I witnessed prostitution driven by economic survival among both men and women. At one point, even a staff member of the Museo de la Revolución (at the museum), approached me hoping to exchange companionship or intimacy for money, clothes, perfume, a watch—anything of value she could barter or survive on.
So no, I am not blind to the failures and abuses of the Cuban regime. I have consistently criticized the dictatorship, the militarization of society, censorship, political repression, and the betrayal of the Revolution’s original democratic promises.
But acknowledging those realities does not require excusing the role of the United States in helping create the historical conditions that made the Revolution possible in the first place.
History will not absolve Fidel Castro either. He ultimately transformed an anti-dictatorial revolution into another authoritarian system that impoverished many Cubans and restricted political freedoms for decades.
But believing the United States bears no responsibility—or that it ever acted in Cuba’s best interests—is equally ahistorical.
Ironically, Obama’s opening probably created the conditions under which the Cuban system could have gradually transformed itself from within. Economic openings, increased tourism, internet access, small businesses, and outside contact were slowly weakening the monopoly of the state over everyday life.
In many ways, this resembled the long strategy the United States pursued against the Cold War Soviet bloc: engagement, economic pressure combined with normalization, and gradual internal transformation rather than direct military confrontation. One could argue that the Obama approach posed a greater long-term threat to Cuban authoritarianism than decades of isolation ever did.]
“The solution for Cuba and Cubans is the end of the dictatorship and the disappearance of Fidelist ideology. Simple as that.”
Yes—and ironically, engagement was moving Cuba closer to that outcome than permanent confrontation ever did. Much like the gradual opening that helped destabilize and eventually transform the Soviet bloc, normalization with Cuba was encouraging internal social and economic changes that the old Fidelista structure struggled to control.

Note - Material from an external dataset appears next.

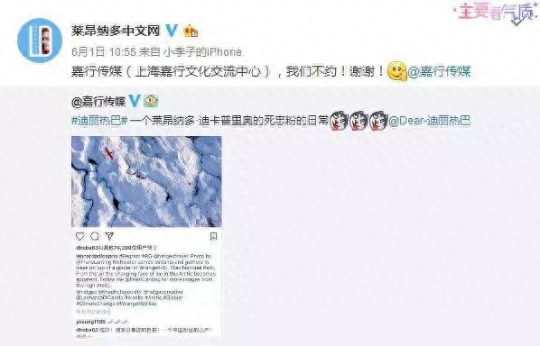 更尴尬的是昨天莱昂纳多的中文网官博又转发了嘉行的微博说“我们不约”……
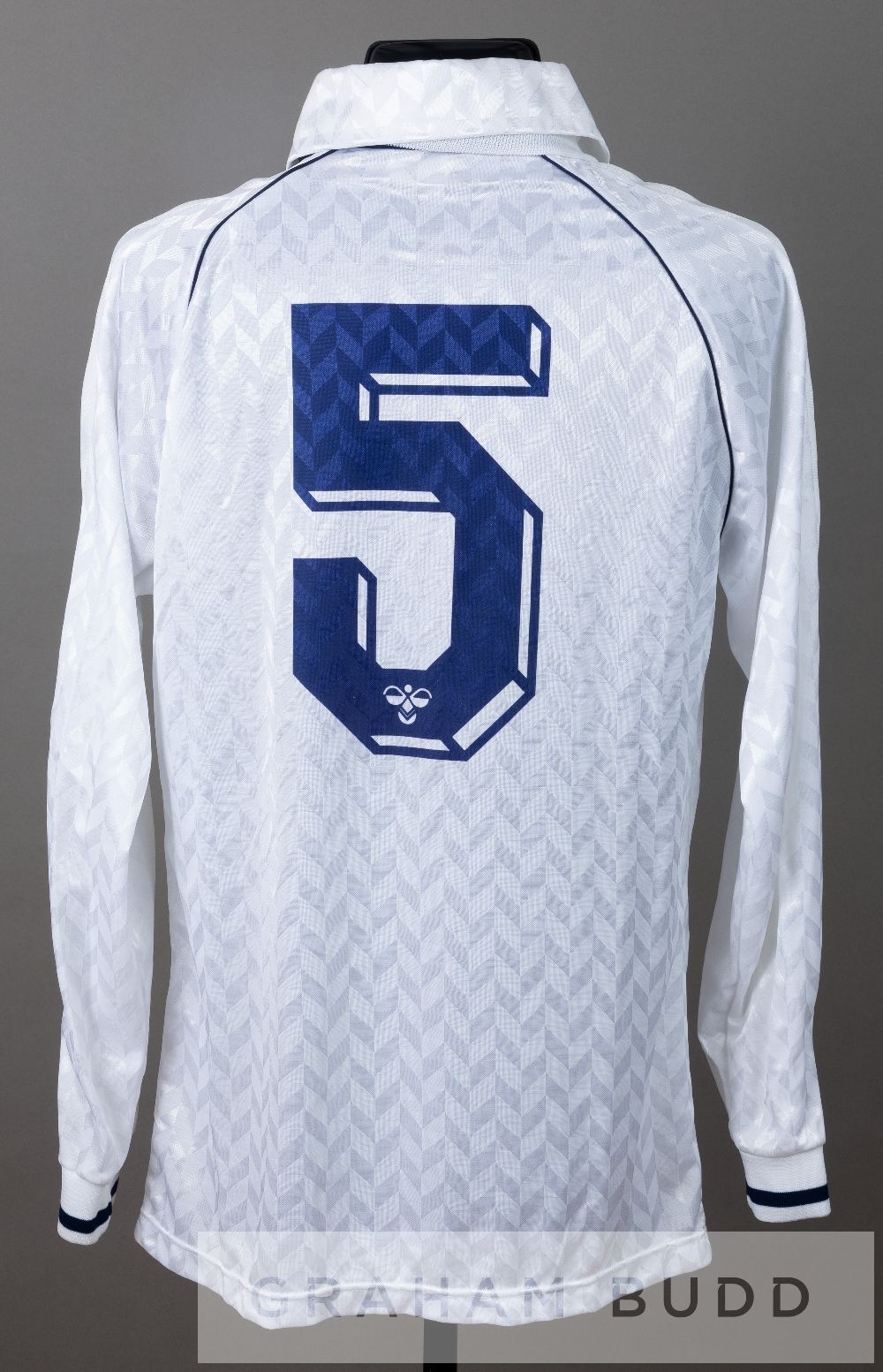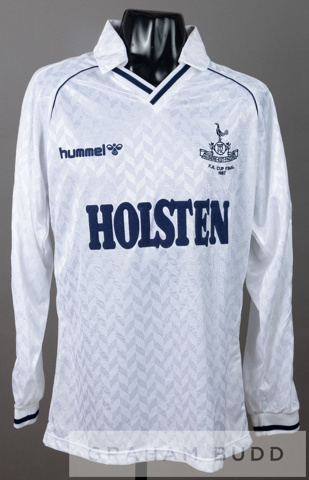 Richard Gough white Tottenham Hotspur 1987 F.A. Cup Final no.5 jersey, by Hummel, long-sleeved unworn spare with embroidered club crest with inscription F.A. CUP FINAL 1987 and sponsor logo, reverse numbered 5 This was the famous final when the kit man produced Tottenham's jerseys with and without sponsor's logo. Tottenham Hotspur were defeated by Coventry 3-2.

But there has long existed a powerful sector within U.S. politics that treats Cuba less as a foreign policy issue and more as a domestic ideological battlefield. For decades, parts of the Cuban exile political lobby have pushed Washington toward maximalist confrontation and pushed for military intervention.
Ironically, many Cold War presidents—including John F. Kennedy, Lyndon B. Johnson, Richard Nixon, Jimmy Carter, Ronald Reagan, and George H. W. Bush eventually recognized that direct military confrontation with Cuba was dangerous, counterproductive, or politically unsustainable- and not in the best interests of the United States.
The tragedy is that Cuba became trapped for generations between two rigid systems: an authoritarian revolutionary state on one side and a Cold War mentality on the other—while ordinary Cubans paid the price.
And it is getting worse- as an adventurist and geopolitically irresponsible administration seeks to engage in yet another war of choice just because they think it will be an easy victory that will boost their poll numbers. And here they marched us to war again fueled by a combination of disdain for the sovereignty of militarily weaker counties and brown and black peoples- and hubris- which has been the trademark of US diplomacy to towards layin America and teh Caribbean.